▶ **EXERCISE BRIEF**:
Reproduce the data below word for word, setting aside any picture it holds.

▶ **TASK MATERIAL**:
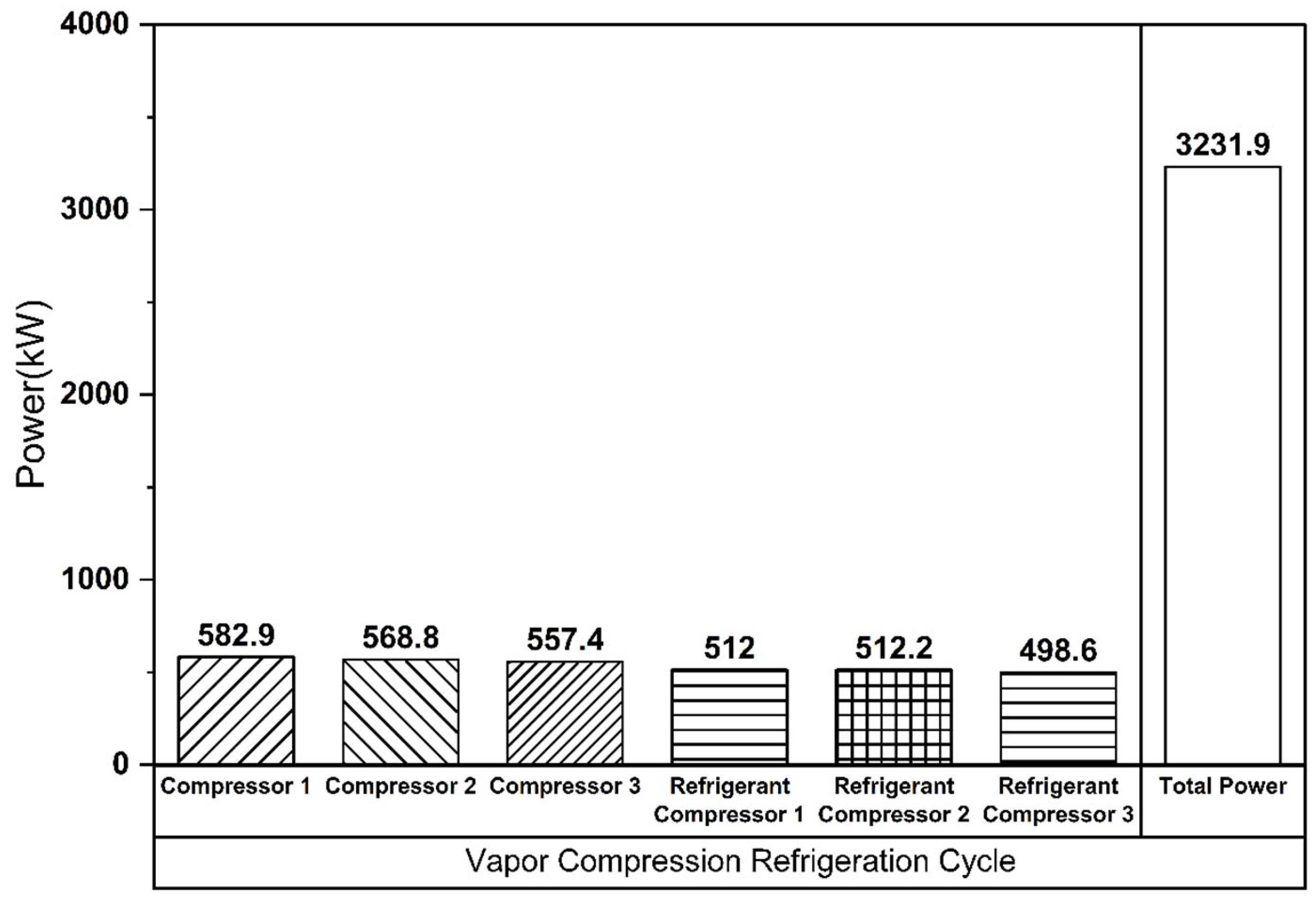 - Refrigerant side inlet and outlet pressures in the vapor compression refrigeration cycle heat exchanger: 101.3 kPa and 100 kPa, respectively (vacuum condition considered);
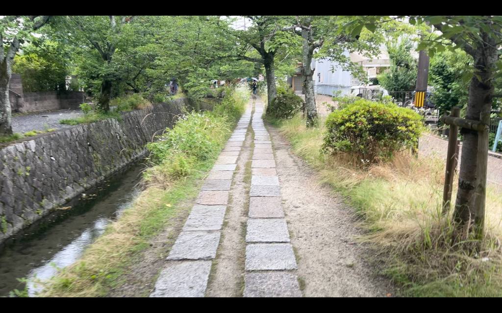 So we gave up on the park and got a bus or two to the NorthEast, one point to note is that the famous Gion Section of Kyoto is closed to tourists, completely closed off, buses will not let people off and anyone found in the sector (anyone that’s not a local that is) will be arrested and put in prison. So we headed instead to Tetsugaku No Michi – The Philosopher’s Path, a small, shallow stream that runs across the city, it’s said to be a beautiful, tranquil and timelss path where the ancient Philosopher’s walked in contemplation – probably contemplating how to rip off tourists with cheap crap and overpriced junk, because the entire path is filled with just that, shops selling intentionally badly spelt t-shirts, Artisan Coffee, we even saw a Costa Coffee, Shops selling tiny bottles of Saki and paper fans all made in China! The potteries and and craft stores are all owned by people who don’t live in Kyoto but commute there from Osaka daily! And don’t forget EVERYTHING shuts at 4pm, the Temples, Palaces, Shops, Restaurants and even roads are all locked up and empty before early evening.
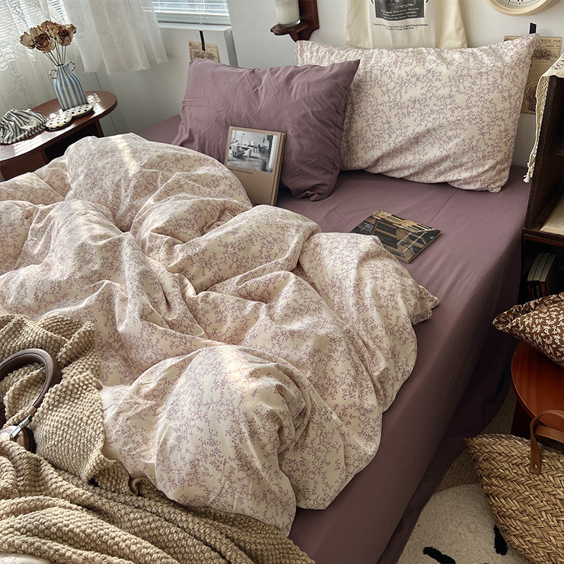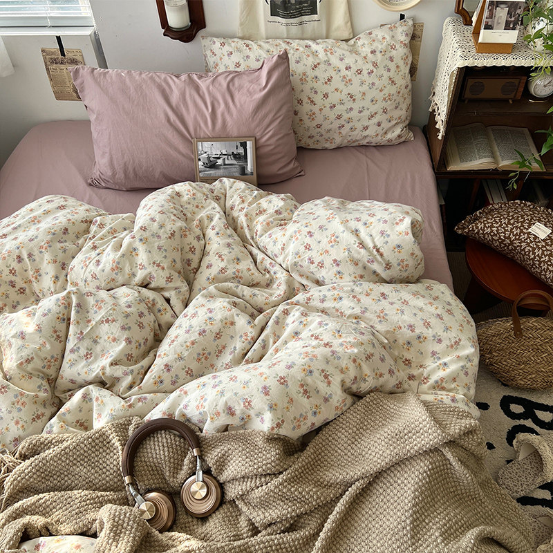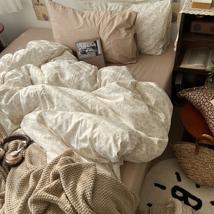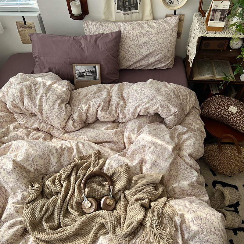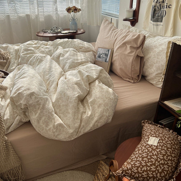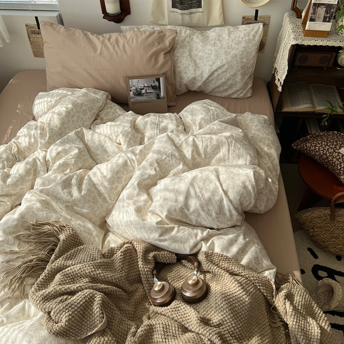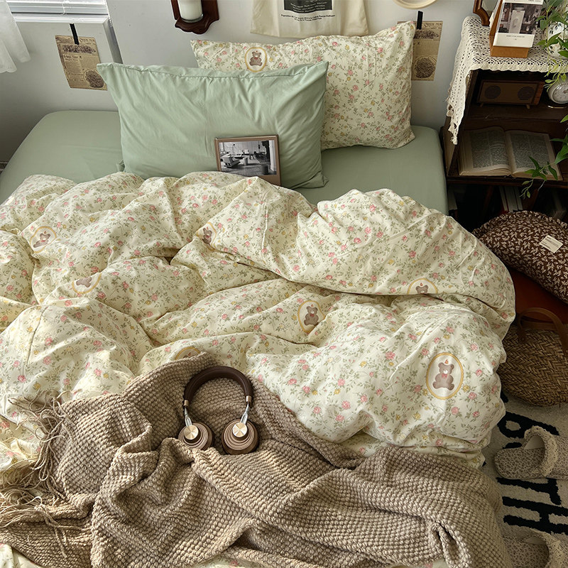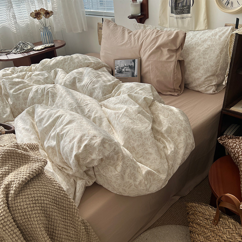法式風ins復古奶茶水墨花小兔四件套水洗棉1.8床單被套學生三件套
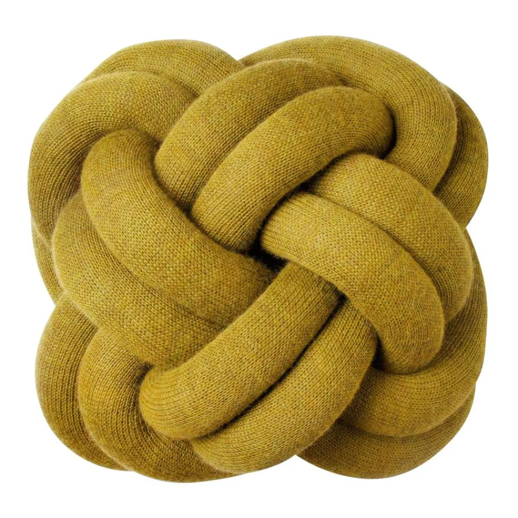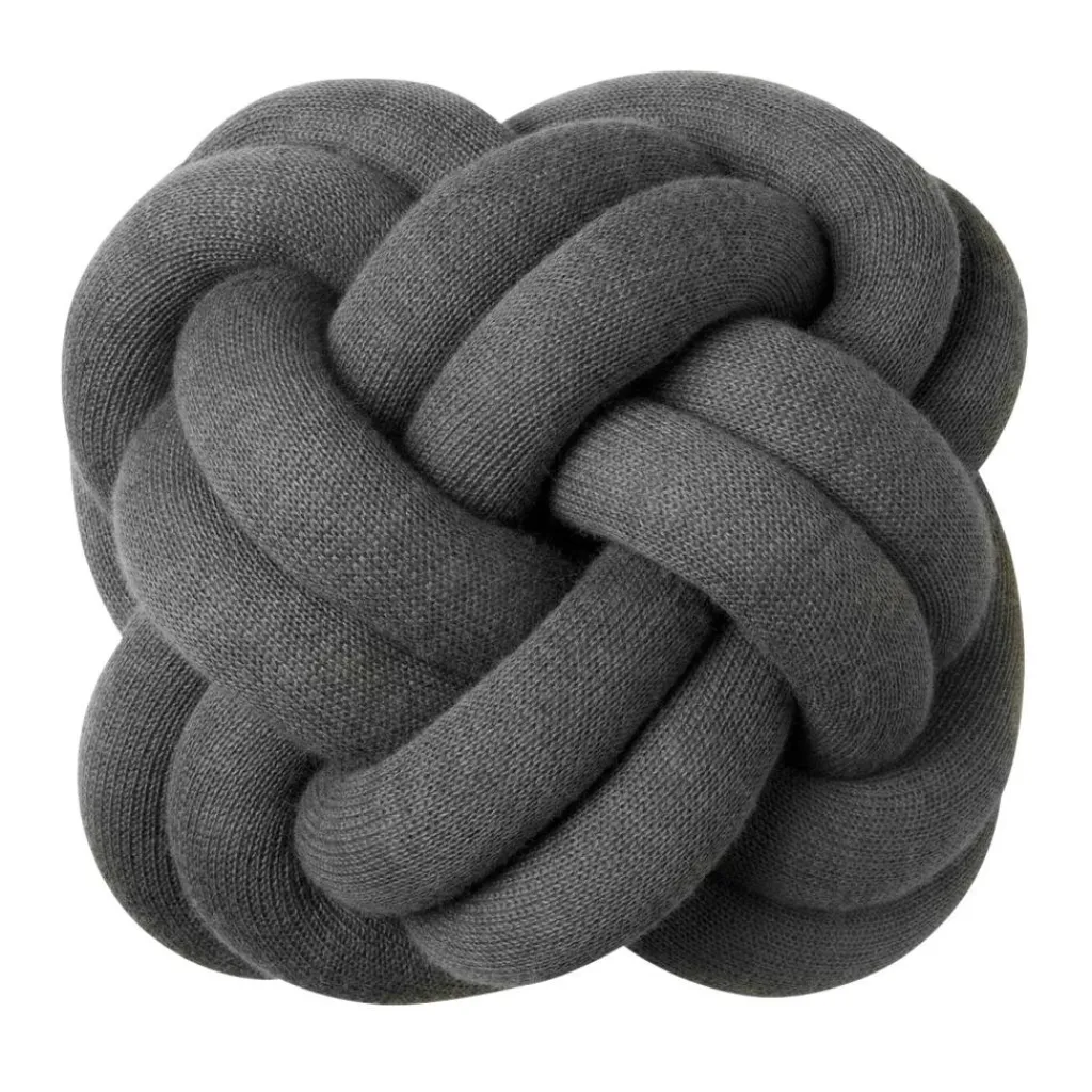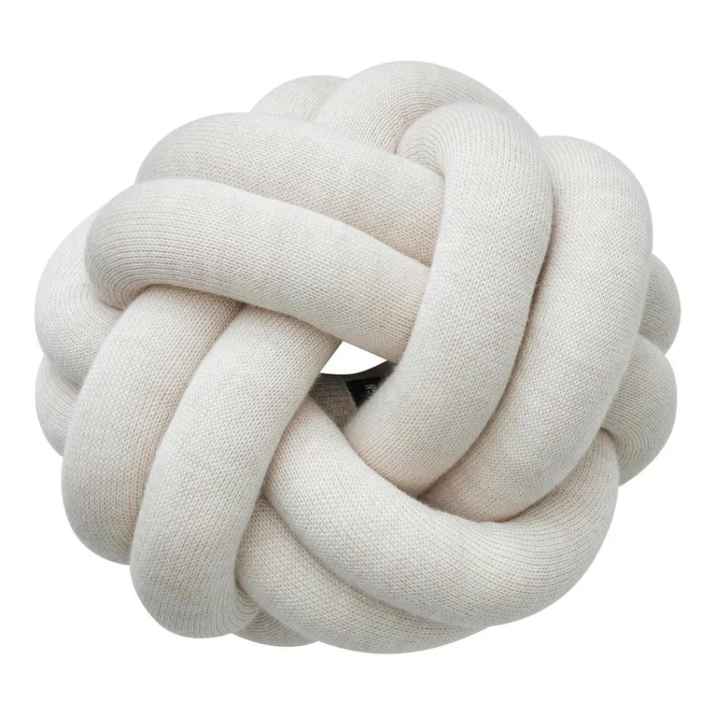Das Knot Kissen wurde von Ragnheiður Ösp Sigurðardóttir für die Marke Design House Stockholm entworfen. Es besticht mit seiner einzigartigen Form, die eher einem dekorativen Knoten als einem Kissen gleicht. Das Design spiegelt die Experimentierfreude wieder, die die skandinavische Designerin an einer Maschine zum Schlauchstricken zeigt.
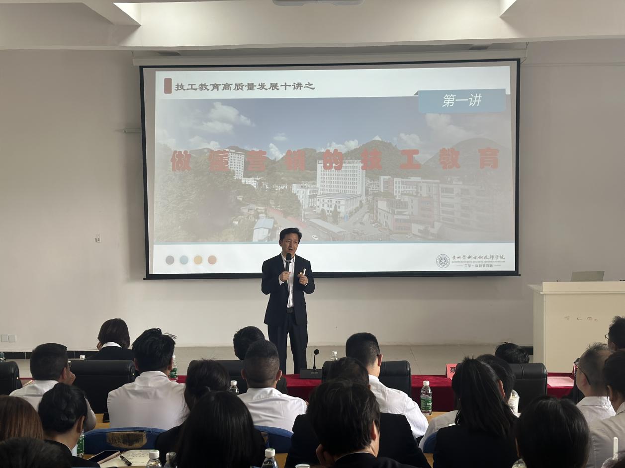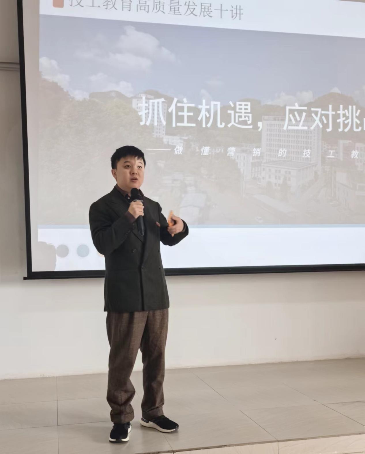 刘毅就如何落实教研联盟工作、班主任论坛及招生联动做了安排和布置,并强调两校在工作中第一要强调共同价值观。尽管两校都有其独特的教学理念、专业特色和优势,但在招生联动中,必须强调共同的价值观和教育目标;第二要突出各自的优势。在招生联动活动中,要展示两校独特的教学资源和优势;第三要共同制定宣传策略。在招生联动中,两校可以共同制定宣传策略,确保宣传内容既体现共同的教育理念和目标,又突出两校的特色,找到最佳的平衡点;第四要提供多样化的选择。在招生过程中,可以提供多样化的专业和课程选择,以满足不同学生的兴趣和需求。这样,既可以突出两校的特色,又可以为学生提供更广泛的选择,锁定学生在两校间做选择;第五要加强交流与合作。除了招生联动外,两校还可以加强在日常教学、师资培训、实习就业等方面的交流与合作。这有助于促进两校之间的资源共享和优势互补,进一步提升技工教育的整体水平和品牌影响力。汤哲以技工教育高质量发展十讲之——“做懂营销的技工教育”为主题对参加本次启动仪式的教职工作了专题培训。他结合案例和数据从“技工院校毕业生数量和专业分布情况”“技工院校高质量就业趋势”“技工院校的优势”“普通高等教育毕业生情况”“技工教育思维的营销思维”五个方面为技工教育的招生和发展提出了应对的方法和策略。他强调,职业教育要持续深化改革,提出了新质生产力下职业教育如何赋能的思考?一要系统性升级人才培养目标,二要深度优化专业布局结构,三要根本性变革教育教学模式。
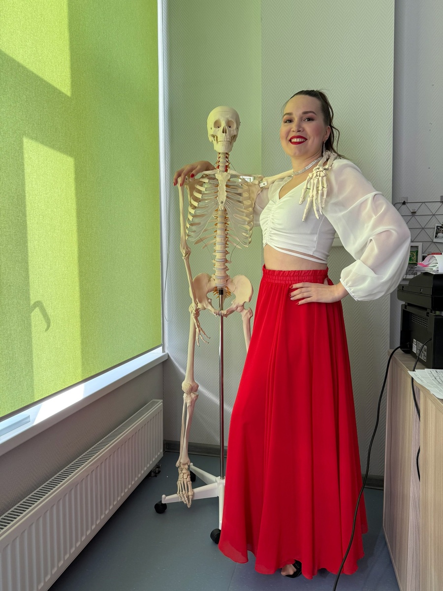 Путешествие в мир танцев, или где мы познакомились с "Бедным Йориком". Волею судьбы нас с Димой и наших учеников занесло в одну из обычных общеобразовательных школ Академического района в Екатеринбурге. Именно здесь в минувшую субботу проходил фестиваль "Танцуй Академ!". Было 86 номеров, в которых участвовали дети, взрослые и даже бабушки! А длился он 7 с лишних часов! Наше трёхминутное выступление пролетело как один миг. Больше всего запомнилась многомесячная подготовка к нему, а также день выступления, который мы провели в 203 кабинете биологии, заменивший нам гримёрку. Там мы познакомились с "Бедным Йориком" (со скелетом), посмотрели на саженцы перцев и поучаствовали в "ролевых играх". В смысле, наша ученица сыграла роль учителя биологии, а мы все были учениками. Я, кстати, сидела на первой парте, как и когда-то в своей серовской школе. Вообще мы с Димой были приятно удивлены, какие классные и современные сейчас появляются школы в нашем районе. Конкретно это учебное заведение отк

▶ **FINISHED TASK**:
 - Refrigerant side inlet and outlet pressures in the vapor compression refrigeration cycle heat exchanger: 101.3 kPa and 100 kPa, respectively (vacuum condition considered);
 So we gave up on the park and got a bus or two to the NorthEast, one point to note is that the famous Gion Section of Kyoto is closed to tourists, completely closed off, buses will not let people off and anyone found in the sector (anyone that’s not a local that is) will be arrested and put in prison. So we headed instead to Tetsugaku No Michi – The Philosopher’s Path, a small, shallow stream that runs across the city, it’s said to be a beautiful, tranquil and timelss path where the ancient Philosopher’s walked in contemplation – probably contemplating how to rip off tourists with cheap crap and overpriced junk, because the entire path is filled with just that, shops selling intentionally badly spelt t-shirts, Artisan Coffee, we even saw a Costa Coffee, Shops selling tiny bottles of Saki and paper fans all made in China! The potteries and and craft stores are all owned by people who don’t live in Kyoto but commute there from Osaka daily! And don’t forget EVERYTHING shuts at 4pm, the Temples, Palaces, Shops, Restaurants and even roads are all locked up and empty before early evening.
法式風ins復古奶茶水墨花小兔四件套水洗棉1.8床單被套學生三件套
Das Knot Kissen wurde von Ragnheiður Ösp Sigurðardóttir für die Marke Design House Stockholm entworfen. Es besticht mit seiner einzigartigen Form, die eher einem dekorativen Knoten als einem Kissen gleicht. Das Design spiegelt die Experimentierfreude wieder, die die skandinavische Designerin an einer Maschine zum Schlauchstricken zeigt.
 刘毅就如何落实教研联盟工作、班主任论坛及招生联动做了安排和布置,并强调两校在工作中第一要强调共同价值观。尽管两校都有其独特的教学理念、专业特色和优势,但在招生联动中,必须强调共同的价值观和教育目标;第二要突出各自的优势。在招生联动活动中,要展示两校独特的教学资源和优势;第三要共同制定宣传策略。在招生联动中,两校可以共同制定宣传策略,确保宣传内容既体现共同的教育理念和目标,又突出两校的特色,找到最佳的平衡点;第四要提供多样化的选择。在招生过程中,可以提供多样化的专业和课程选择,以满足不同学生的兴趣和需求。这样,既可以突出两校的特色,又可以为学生提供更广泛的选择,锁定学生在两校间做选择;第五要加强交流与合作。除了招生联动外,两校还可以加强在日常教学、师资培训、实习就业等方面的交流与合作。这有助于促进两校之间的资源共享和优势互补,进一步提升技工教育的整体水平和品牌影响力。汤哲以技工教育高质量发展十讲之——“做懂营销的技工教育”为主题对参加本次启动仪式的教职工作了专题培训。他结合案例和数据从“技工院校毕业生数量和专业分布情况”“技工院校高质量就业趋势”“技工院校的优势”“普通高等教育毕业生情况”“技工教育思维的营销思维”五个方面为技工教育的招生和发展提出了应对的方法和策略。他强调,职业教育要持续深化改革,提出了新质生产力下职业教育如何赋能的思考?一要系统性升级人才培养目标,二要深度优化专业布局结构,三要根本性变革教育教学模式。
 Путешествие в мир танцев, или где мы познакомились с "Бедным Йориком". Волею судьбы нас с Димой и наших учеников занесло в одну из обычных общеобразовательных школ Академического района в Екатеринбурге. Именно здесь в минувшую субботу проходил фестиваль "Танцуй Академ!". Было 86 номеров, в которых участвовали дети, взрослые и даже бабушки! А длился он 7 с лишних часов! Наше трёхминутное выступление пролетело как один миг. Больше всего запомнилась многомесячная подготовка к нему, а также день выступления, который мы провели в 203 кабинете биологии, заменивший нам гримёрку. Там мы познакомились с "Бедным Йориком" (со скелетом), посмотрели на саженцы перцев и поучаствовали в "ролевых играх". В смысле, наша ученица сыграла роль учителя биологии, а мы все были учениками. Я, кстати, сидела на первой парте, как и когда-то в своей серовской школе. Вообще мы с Димой были приятно удивлены, какие классные и современные сейчас появляются школы в нашем районе. Конкретно это учебное заведение отк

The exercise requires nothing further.